[COLLECTED DATA]

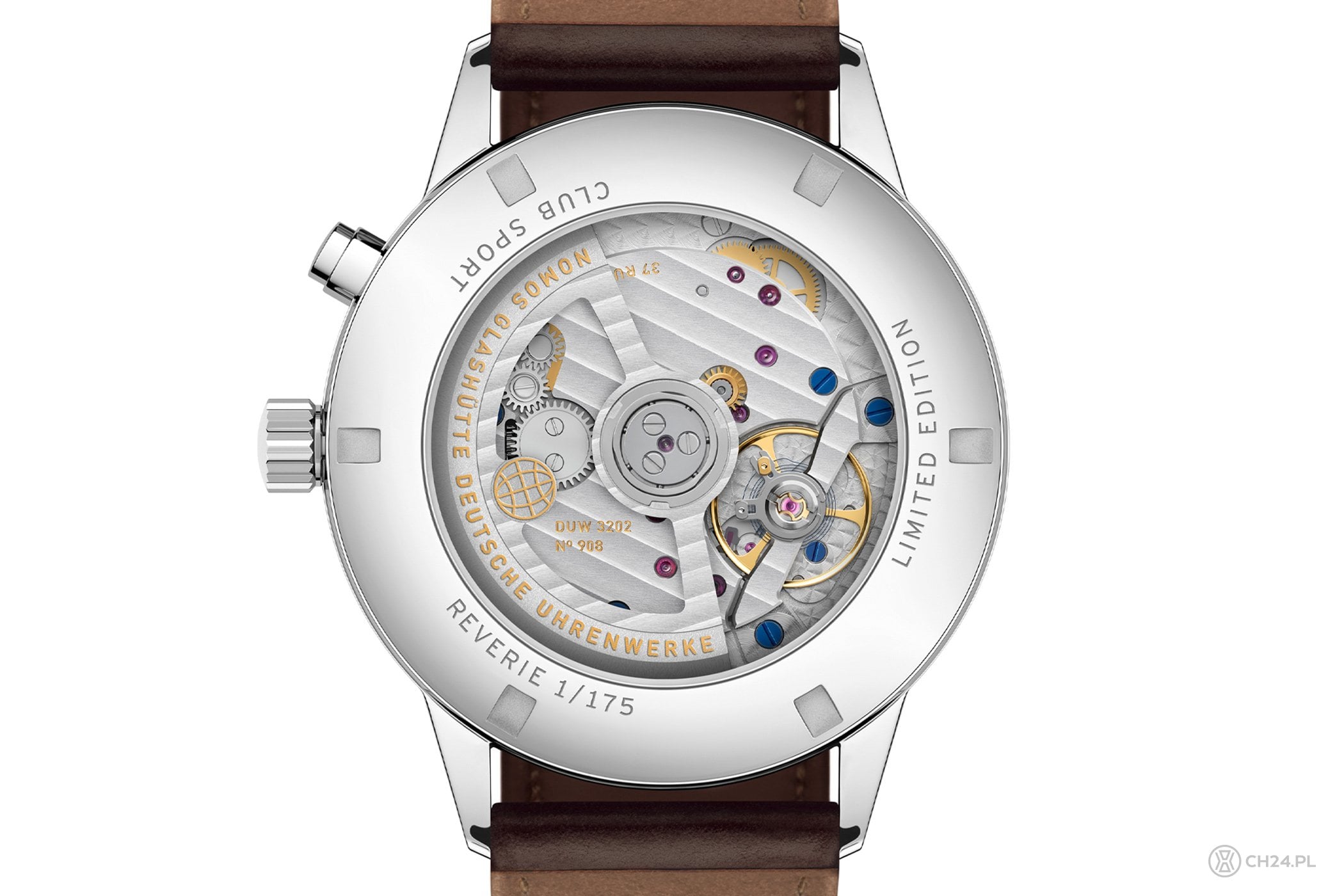 Za wszystkie wskazania odpowiada, znany z poprzednich edycji i opatentowany przez Nomosa, kaliber DUW 3202 (widoczny pod przezroczystym deklem) z automatycznym naciągiem, autorskim wychwytem i 42-godzinną rezerwą chodu.
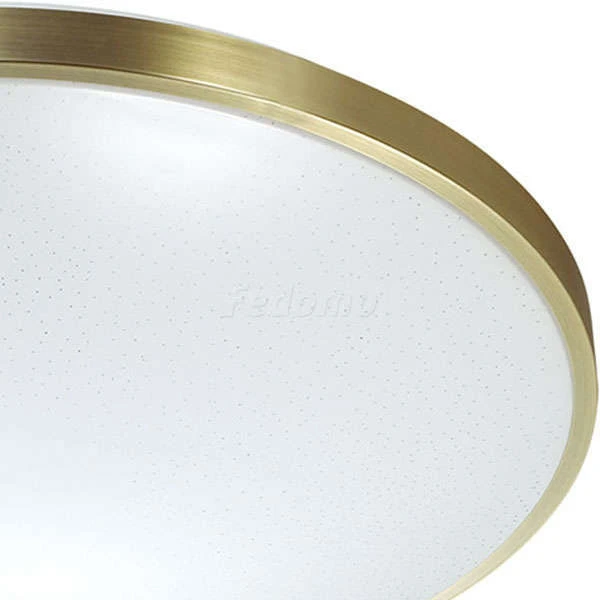 Материалы исполнения База - металл. Плафон - декорированный пластик. Цвет арматуры белый. Плафон в цвете: бронзовый. Особенность: заменяемый LED модуль. Декор обод, материал декора металл, цвет бронзовый. Светильник 2089/DL серии LOTA BRONZE cостоит из металлического основания (базы) и пластикового рассевателя. Материал рассеивателя - высококачественный акрил белого цвета с глянцевой поверхностью, обеспечивающий светильнику равномерное рассеивание и хорошее светопропускание. Форма плафона: круглая, декорирована ободом из металла бронзового цвета и рисунком в виде прозрачных точек, которые придают включенному светильнику красивый эффект "звездного мерцания" и переливания. Степень защиты IP43 позволяет использовать светильник в определенных зонах влажных помещений. В комплект входит заменяемый LED модуль с линзами, мощностью 48Вт, которая соответствует лампе накаливания 350Вт. А также пульт ДУ, с помощью которого осуществляется плавное изменение цветовой температуры 3000-6500К, изменение яркости, переход в режим переключения холодного/белого/теплого/ночного света. Наименование 2089/DL SN 029 св-к LOTA BRONZE пластик LED 48Вт 3000-6500К D440 IP43 пульт ДУ.
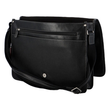 Černá celokožená taška pro muže, od značky Hexagona. Luxusní a kvalitní model, který je elegantní a stylový. Hodit se Vám bude samozřejmě nejen v práci, ale i ve městě. Nosit ji lze pohodlně přes rameno nebo crossbody. Pohodlně sem uložíte spisy, osobní věci i notebook (max. 36,5 x 25 cm). Taška se otevírá klopou s magnetickým cvokem, má perfektně lemované a prošívané okraje. Pod klopou jsou dvě velké kapsy, jedna volná a jedna se zipem. Hlavní kapsa se zapíná zipem a kromě kapsy na notebook zde najdete větší kapsu na zip a menší volné kapsičky na osobní věci jako je telefon a propisky. Zadní strana brašny je prošívaná a nechybí zde kapsa se zipem. Popruh je v kombinaci textilu a kůže. Dopřejte si skutečně mužskou záležitost. ▶ Skvělou volbou bude i tzv. "sestra" této brašny a to "Luxusní pánská kožená taška černá - Hexagona Pierre".
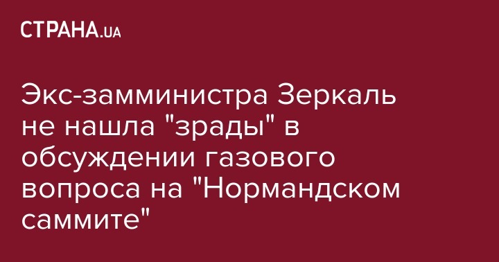 Экс-замминистра Зеркаль не нашла "зрады" в обсуждении газового вопроса на "Нормандском саммите"

[/COLLECTED DATA]

(ASSIGNMENT): Without any of the pictures, reproduce the listing above exactly.

(ANSWER):
 Za wszystkie wskazania odpowiada, znany z poprzednich edycji i opatentowany przez Nomosa, kaliber DUW 3202 (widoczny pod przezroczystym deklem) z automatycznym naciągiem, autorskim wychwytem i 42-godzinną rezerwą chodu.
 Материалы исполнения База - металл. Плафон - декорированный пластик. Цвет арматуры белый. Плафон в цвете: бронзовый. Особенность: заменяемый LED модуль. Декор обод, материал декора металл, цвет бронзовый. Светильник 2089/DL серии LOTA BRONZE cостоит из металлического основания (базы) и пластикового рассевателя. Материал рассеивателя - высококачественный акрил белого цвета с глянцевой поверхностью, обеспечивающий светильнику равномерное рассеивание и хорошее светопропускание. Форма плафона: круглая, декорирована ободом из металла бронзового цвета и рисунком в виде прозрачных точек, которые придают включенному светильнику красивый эффект "звездного мерцания" и переливания. Степень защиты IP43 позволяет использовать светильник в определенных зонах влажных помещений. В комплект входит заменяемый LED модуль с линзами, мощностью 48Вт, которая соответствует лампе накаливания 350Вт. А также пульт ДУ, с помощью которого осуществляется плавное изменение цветовой температуры 3000-6500К, изменение яркости, переход в режим переключения холодного/белого/теплого/ночного света. Наименование 2089/DL SN 029 св-к LOTA BRONZE пластик LED 48Вт 3000-6500К D440 IP43 пульт ДУ.
 Černá celokožená taška pro muže, od značky Hexagona. Luxusní a kvalitní model, který je elegantní a stylový. Hodit se Vám bude samozřejmě nejen v práci, ale i ve městě. Nosit ji lze pohodlně přes rameno nebo crossbody. Pohodlně sem uložíte spisy, osobní věci i notebook (max. 36,5 x 25 cm). Taška se otevírá klopou s magnetickým cvokem, má perfektně lemované a prošívané okraje. Pod klopou jsou dvě velké kapsy, jedna volná a jedna se zipem. Hlavní kapsa se zapíná zipem a kromě kapsy na notebook zde najdete větší kapsu na zip a menší volné kapsičky na osobní věci jako je telefon a propisky. Zadní strana brašny je prošívaná a nechybí zde kapsa se zipem. Popruh je v kombinaci textilu a kůže. Dopřejte si skutečně mužskou záležitost. ▶ Skvělou volbou bude i tzv. "sestra" této brašny a to "Luxusní pánská kožená taška černá - Hexagona Pierre".
 Экс-замминистра Зеркаль не нашла "зрады" в обсуждении газового вопроса на "Нормандском саммите"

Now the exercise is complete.